Last year I had to work in Johnstown, PA. Not exactly sure where it is, because I drive via GPS once I get off a plane. But it took me around 90 minutes or maybe more to get there from the Pittsburgh airport. Anyway, I found a trail that was probably 60 miles long. Hike was fun, don't remember the name of the trail. But I remember it was autumn and the colors were fabulous.

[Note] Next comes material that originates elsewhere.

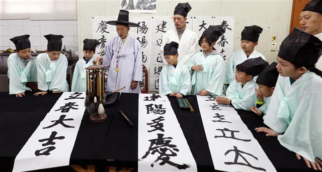 입춘을 나흘 앞둔 31일 충남 논산시 연산면 양지서당에서 유복엽 훈장이 서당 아이들에게 ‘입춘대길’(立春大吉)과 ‘건양다경’(建陽多慶) 등 서당 문에 붙일 축원 글귀를 설명하고 있다. ‘봄이 시작되니 크게 길하고, 경사스러운 일이 많이 생기기를 기원한다’는 뜻이다.

I also did a business trip last year near Allentown, PA. I thought it was going to be an industrial area, but I brought my pack anyway. Found out is was close to the Appalachian Trail and the hiking there was outstanding. Lots of interesting rock formations. This is close to Philadelphia and there probably is easy public transportation between Pittsburgh and Philadelphia, and a bit of a drive to the AT from Philly — think it was less than an hour.
I bet I can find a lot more in western Pennsylvania, as it seems most of it is covered by forests. Gonna be in that area again in a few weeks and will find something interesting to hike. Suggest you get a big map and have fun figuring something out.
Hiking back east is a lot different from what I am used to out west. Trails cross roads and are often near towns. Also there are a lot of those shelter thingies to sleep in. Not sure if it required to sleep in a shelter or even get a permit to hike. I don't do either. No time for that.
Enjoy your trip.Mar 13, 2014 at 7:32 pm #2082612
Ohiopyle State Park ( http://www.dcnr.state.pa.us/stateparks/findapark/ohiopyle/index.htm#hiking) has some nice day hikes and is also the terminal for the Laurel Highland Trail (70 miles). A beautiful area in the spring and fall. Also convenient for a visit to some Frank Lloyd Wright architecture.